FOMO Is Not a Strategy
Not a Good One, at Least
Although I’m annoyed when people compare investing to gambling, there are certainly ways to gamble in the stock market and sometimes market activity does resemble gambling. Look no further than GameStop or AMC stock prices in 2021.
The Gambler’s Index
Stock market speculation is largely a “you know it when you see it” situation, but quantifying a gambler’s index will give us some rare context for these markets.
I think speculation comes down to a zero sum game with highly volatile outcomes. Selecting the 20% of stocks with the highest trailing 60 day price variance returns a gambler’s index with plenty of volatility and no excess returns over cash. Bingo.
Our gambler’s index measures speculation soaring past 2021 highs despite far less hoopla and headlines this time around.

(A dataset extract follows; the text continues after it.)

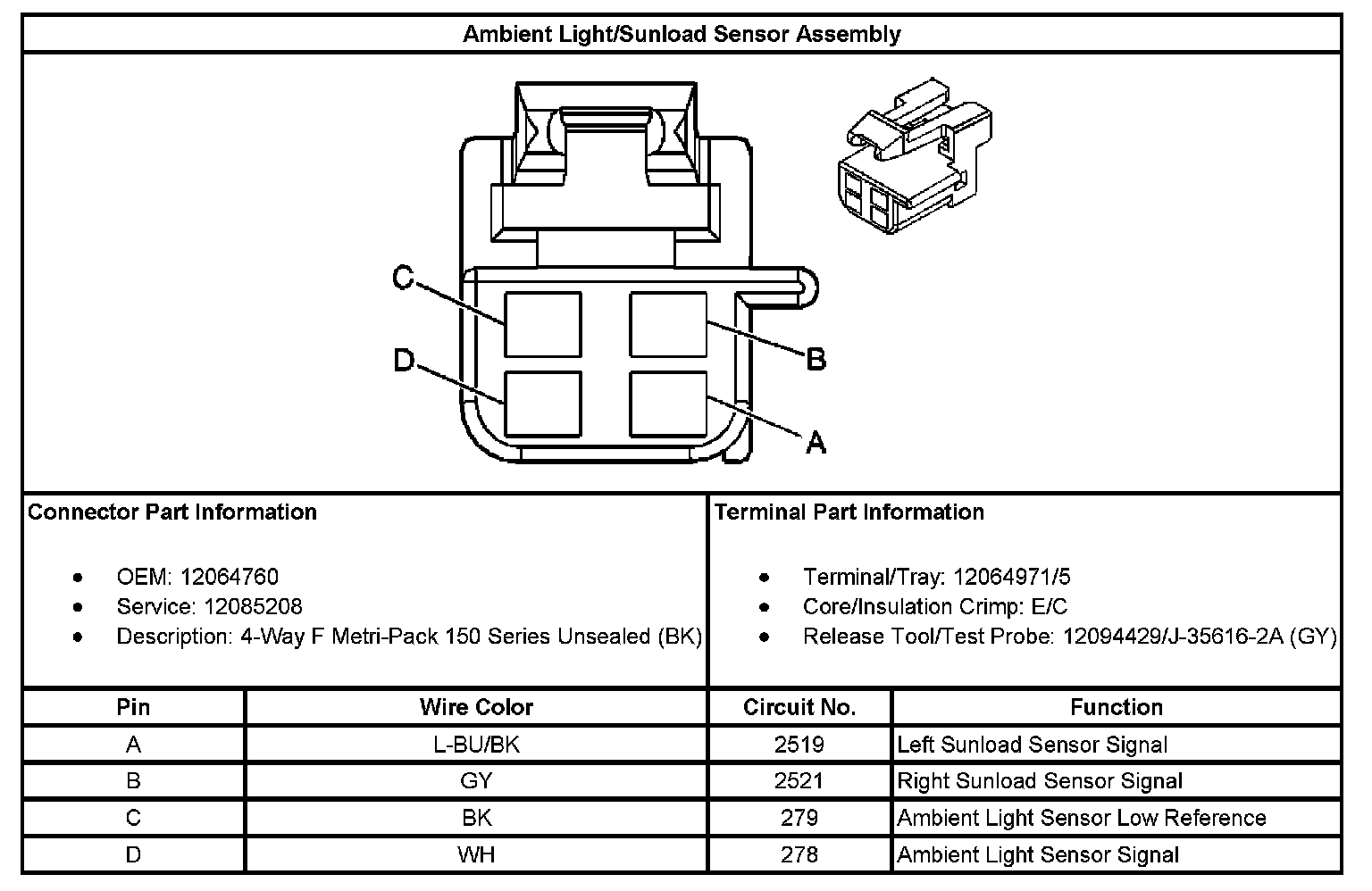 Ambient Light/Sunload Sensor Assembly:

Although rarely to this degree, speculative markets are not new. Similar markets existed in the late 1960’s during the “go-go years” and in the late 1990’s during the dot-com boom. Those moments ultimately became cautionary tales—investors abandoning disciplined, long-term strategies in a rush to chase the latest hype and short-term FOMO.
Fading Quality
Berkshire’s stock represents the opposite of our gambler’s index. Berkshire invests in high quality companies with limited volatility juice. I’m not here to endorse Berkshire, but I do find Berkshire’s disfavor notable.
Berkshire is underperforming the S&P 500 by -40% over the previous year. A similar performance drag occurred for high quality stocks like Berkshire during the dot-com boom’s highly speculative market.
Conclusion
This market presents behavioral challenges to investors. Our gambler’s index is an unsustainable investment strategy, but consider the FOMO that tempts those “responsible” Berkshire investors.
Moments like these can make sound investments seem foolish. Regardless, FOMO is not a strategy and investors are best suited to stay the course through high volatility, even when volatility inflects higher.